Lesson 7
Boolean logic is vital but it isn't the only way to use a keyword search engine. There's another powerful tool in most keyword search engines that uses the structure of Web pages to help you more efficiently find information. This tool, called tag searching, allows you to search the tags used by Web designers in their web pages. It's the hidden trick of Web searching and, if used correctly, can save time on every search you do.
But first, we must briefly talk about what tags are and how Web pages are built.
You can view the structure of any Web page by clicking on the View button on the Internet Explorer menu bar at the top of the page and then clicking on the Source option. What you are seeing is called Hypertext Markup Language or HTML. This is the code Web designers use to tell your browser how to display information on a page such as what size font to use, whether to center text and where to put pictures or graphic elements. To display a particular size or position, HTML code uses tags that go on either side of the text.

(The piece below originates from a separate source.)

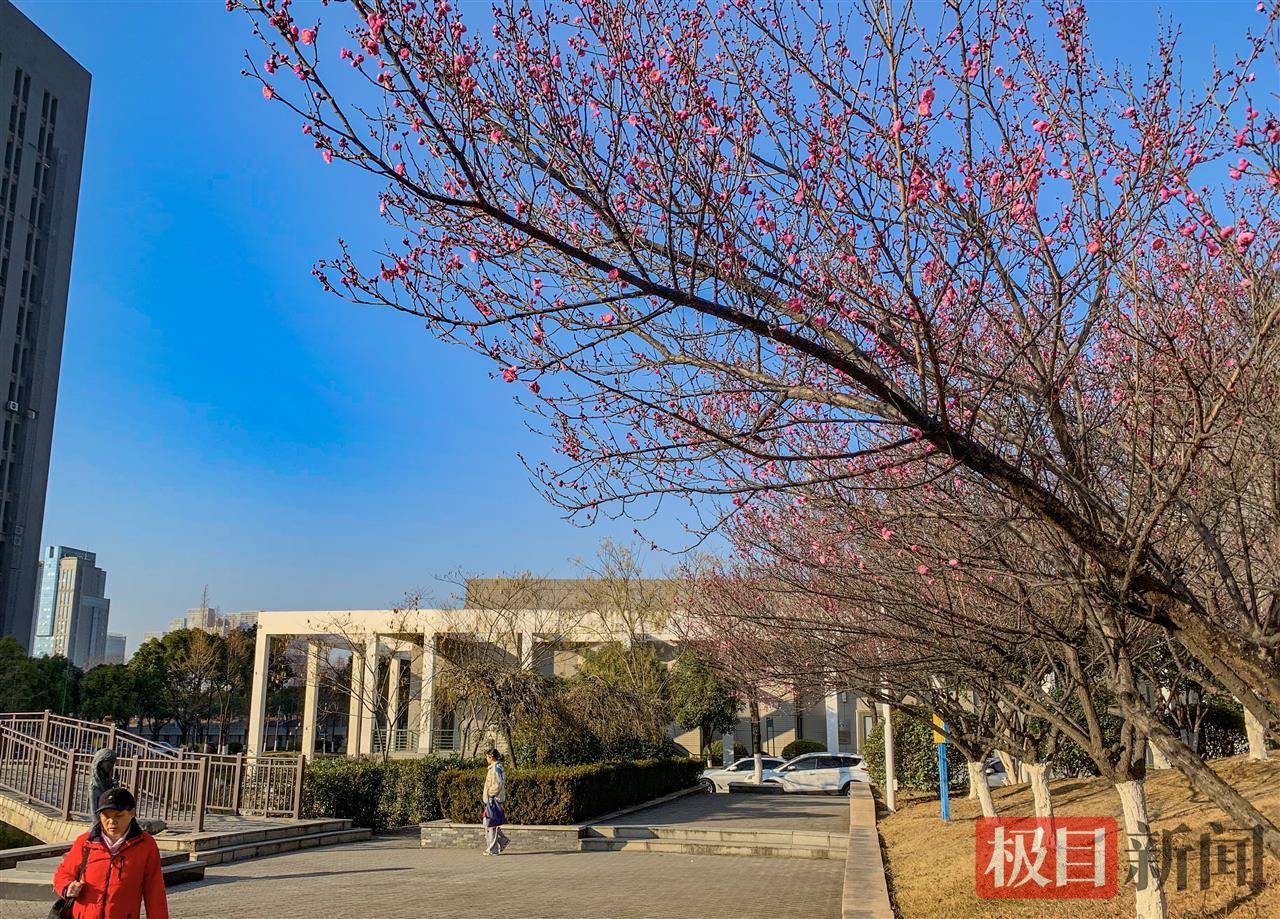 连日来,武汉迎来一波“超级暖冬”。2026年1月13日,武汉最高气温冲到20℃,多地的红梅已经盛放。据园林部门称,事实上从1月6日开始,长江流域的杭州、南京、武汉、重庆等地的红梅居然比往年早了整整一个月。位于光谷流芳的武汉工程大学校园内,红梅正在次第开放,清冽幽香在空气中浮动,给学子们的校园生活带来了一份冬日限定的雅致。

For instance, if you want to center text, the tag would look like this:
<center> Center this text </center>
The terms in brackets are the tags and they typically come in pairs: one before the text and one after. The end tag uses a slash as shown above to indicate it ends the centering function. These tags can be very far apart in a document.
I've added some explanation to the HTML source code of this page to explain some of the graphical elements below. I'm not going to go into much detail about HTML because others have done it better. I've given you links at the bottom of the page to some good primers on HTML on the Web.
There are only three tags you need to know for better searching:
- Title tag
- Image tag
- Link and anchor tag
Title tag: <title></title>
At the top of every browser page (in the blue bar) you will find the title of a Web page. For example, the title of this page is "Lesson 6 (that's the title)". Altavista, Google and other search engines allow you to search by a title. Why is this important? Well, because the title is the most succinct and concise description of a Web page. If you're looking for a word and it is in the title of the page, it is more likely to be the page your looking for. In fact, search engines often use the title tag (along with the frequency that a term appears on a page) to rank pages in order of relevancy.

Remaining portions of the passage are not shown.